Published by Fence under Books

Image of The Dragon WaitingAuthor: John M. Ford
ISBN:9780575073784 DDC: 813
LibraryThing ; Other reviews

The road the Romans made traversed North Wales a little way inland, between the weather off the Irish Sea and the mountains of Gwynedd and Powys; past the copper and the lead that the travel-hungry Empire craved.

Where to start with this book’s plot summary? Cause there is a whole load going on. From Florence’s Lorenzo de Medici to England’s Richard III and a whole host in between. I suppose you could say it is a look at a Europe that might have been. An alternate Europe with wizards; one where the Byzantine Empire a threat and vampires rule Milan.
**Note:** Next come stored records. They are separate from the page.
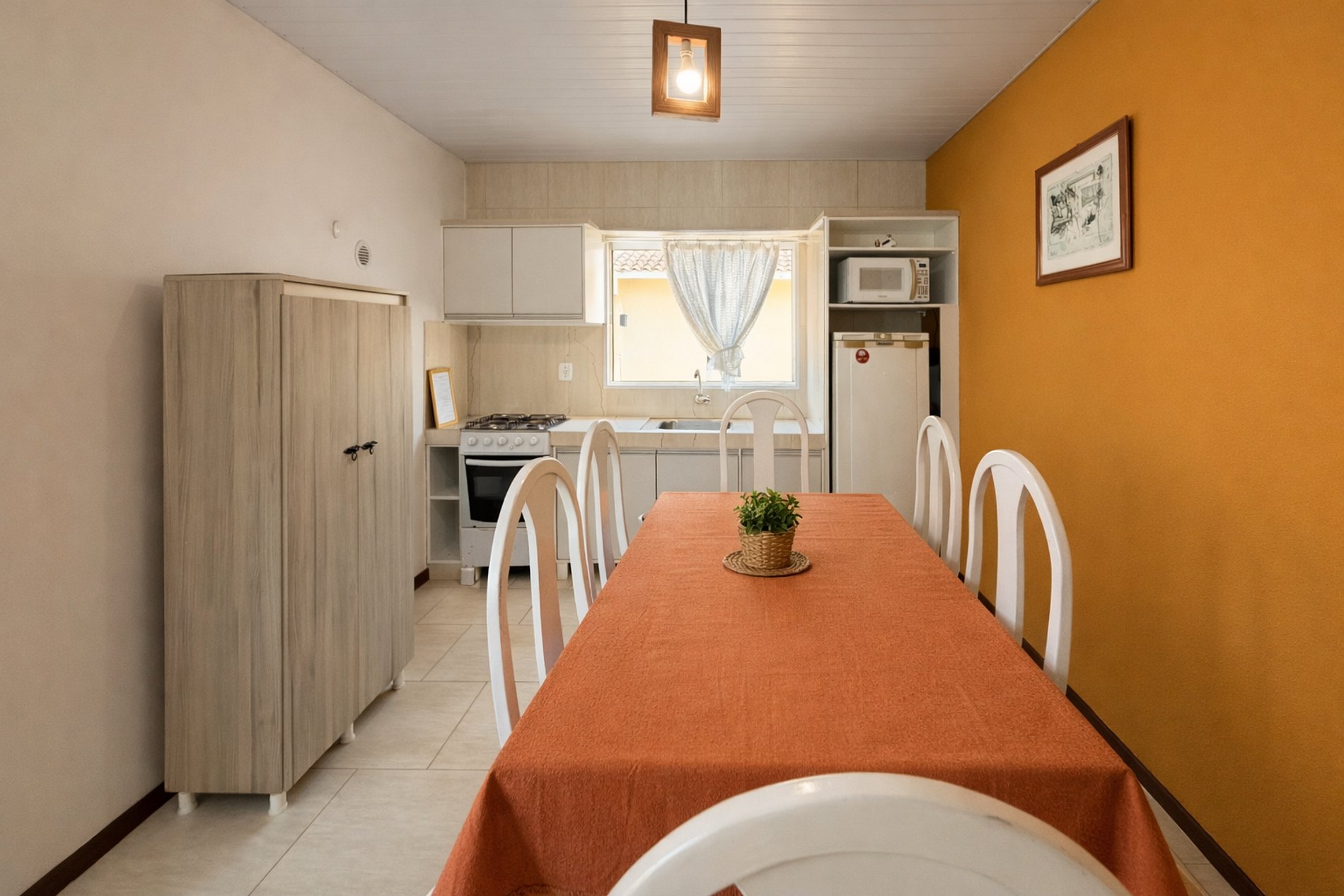 - Cozinha equipada com geladeira e utensílios de cozinha.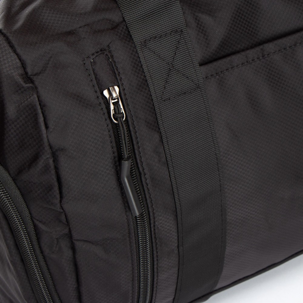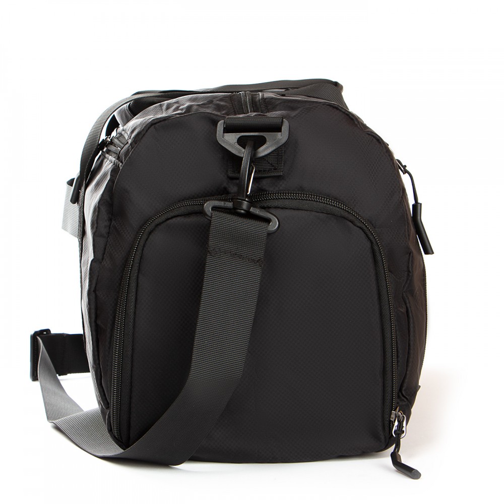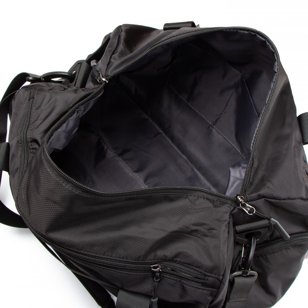 Количество отделов: 1 отделение, закрывается на молнию. Внутри отделения есть карман на молнии и двойной открытый карман. На фасаде находится карман на молнии и открытый карман. На обратной стороне расположен большой карман на молнии с герметичной подкладкой. На торцах сумки расположены карман для обуви и открытый карман.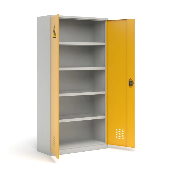- 4 adjustable full zinc plated shelves with edges on all sides, preventing hazardous substances from spilling outside the cabinet.
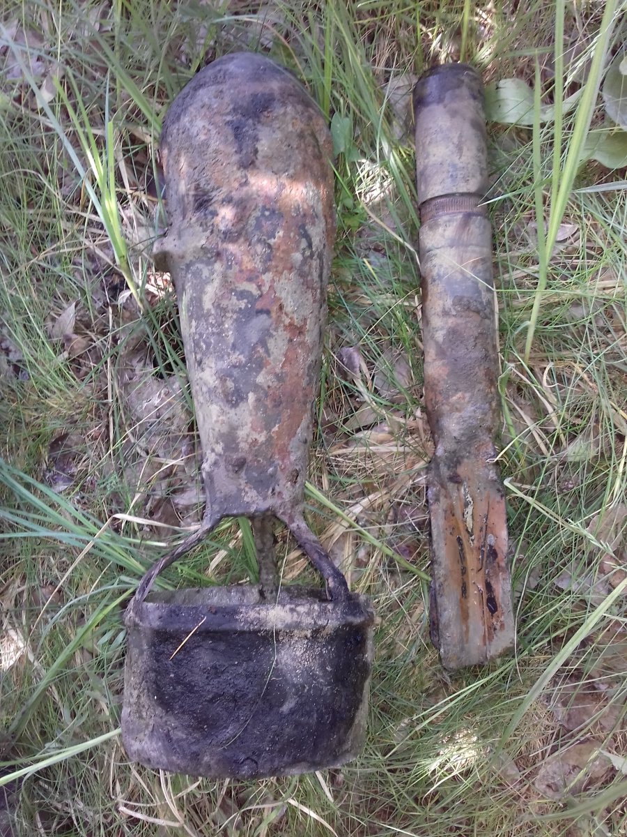 Добрый вечер. Недавно в глинистом болоте попались такие авиабомбы. Судя по всему переделки из артснарядов. Подскажите, часто такие встречаються? Попались уже пустыми, без ВВ (см фото с палкой). Много родной краски и клейм... Будет на них интерес или обратно в болото? Лопата для фото для масштаба. Длина лопаты 117 см.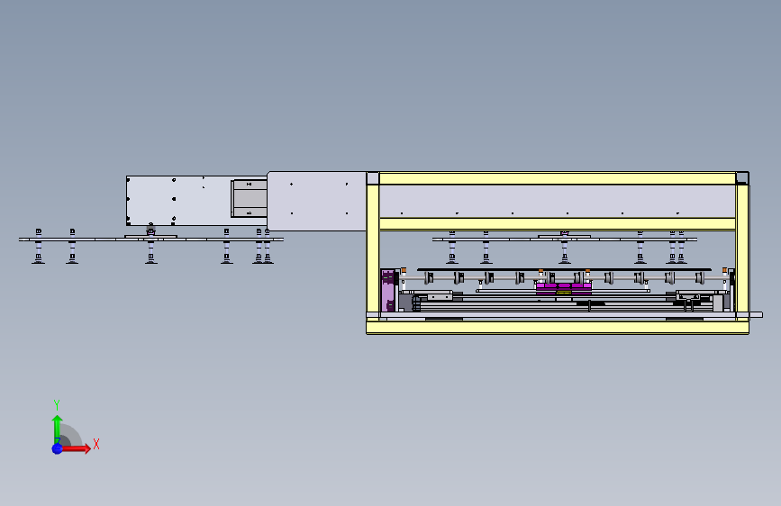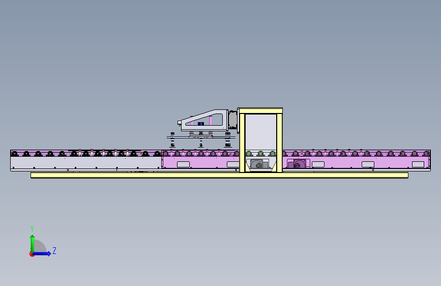 液晶面板由变频电机驱动滚轮组件进行输送,在此过程中由双向模组定中装置对其进行定中,再由定位组件将其定位,最后由机械手进行抓取移栽至下一工位。面板尺寸1058x603。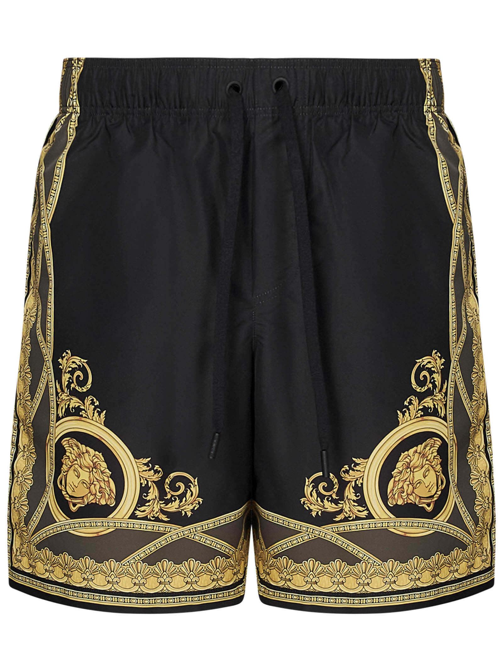 La Coupe Des Dieux black nylon beach shorts with La Coupe des Dieux print.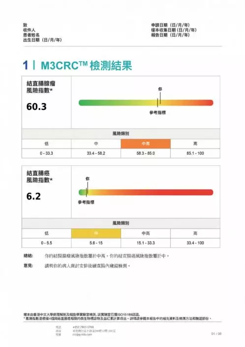 M3大腸癌檢測的報告簡單易明,醫生可根據病者的風險高低提供針對性的治療措施。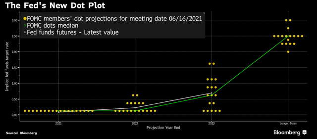 Based on Tesla’s current debt maturity profile, the company will likely be refinancing a large portion of their debt coming due between 2022 and 2025 in order to support their ongoing capex needs on the construction of new manufacturing plants, as well as R&D spending on technological advancements related to battery cells and autonomous driving. The potential refinancing timeline also coincides with the projected timeline of federal fund rate hikes based on the FOMC’s latest meeting on June 16th.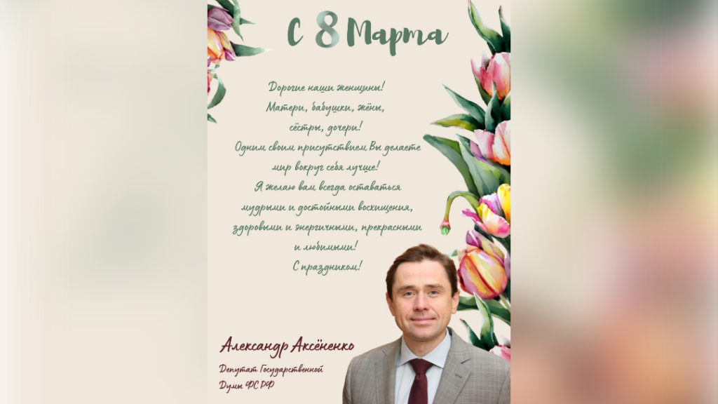 Депутат Госдумы Александр Аксененко поздравляет женщин с 8 Марта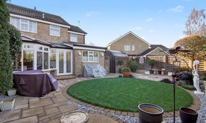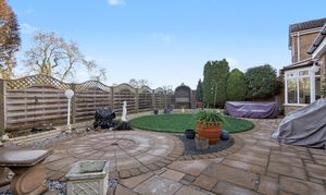 Rear garden - Patio the full width of the rear of the property. The garden has a circular laid lawn with enclosed fencing. Further raised decking area with an arbour seat. Outside light, tap, and electric point.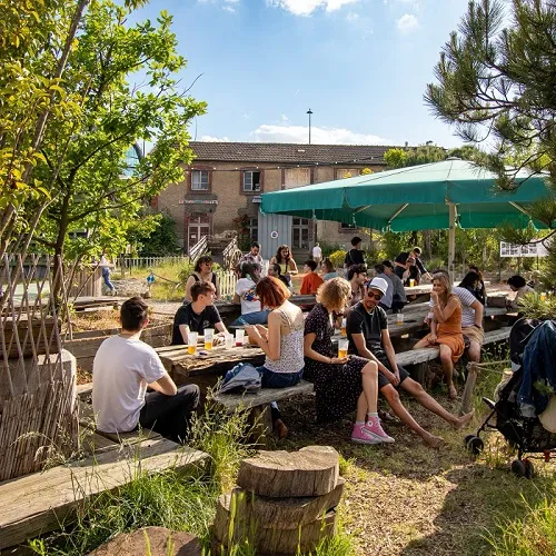 Comme un air de campagne en arrivant sur place. La Cité Fertile s’étend sur un hectare où l’on découvre à l’entrée des terrains de pétanques et plusieurs spots pour boire un verre. En voyant au loin son potager, sa serre ou encore ses bassins d’eau de pluie, on comprend rapidement que le lieu est dédié à la transition écologique.

Actually that all sounds a bit trashy, but this isn’t a trashy novel at all, not in the least. It has plenty of action and the odd fantasy cliche, but it is very well-written and makes the reader work. I think that might be why it took me so long to get into it. In the beginning it just didn’t grab me and make me keep on reading. But it did more than enough to make me come back to it; so I’m going to complain there.

Course the reason i picked it up in the first place it because of the new cover. Not that one anobii are showing you, but the re-issued Ultimate Fantasy cover. Its got its dragon, but it also that that clean minimalist feel to it. I likes.

Back to the book.

I’m still not sure what to say. I’d recommend it, without a doubt, to any fantasy or historical fan. But there is just so much going on, it is a densely written book, that I think it really does need a reread. There are whole sections the book skips, letting the reader know what happened but never going into huge details. The characters don’t reveal all to us. We are left to speculate and wonder in many instances. That’s not a negative, by the way, it isn’t done in a lazy way, as if the author couldn’t be bothered, it is just that it serves the story better this way.

It probably works a lot better if you know a bit of history, having read Penman’s The Sunne In Splendour helped me a lot with the Richard III storyline. And it helps that, although influenced by Shakespeare, this book is more in Richard’s favour than interested in painting him the villain of the piece. What can I say, I’m loyal to my favourite literary characters, I don’t really care what the history *really* says.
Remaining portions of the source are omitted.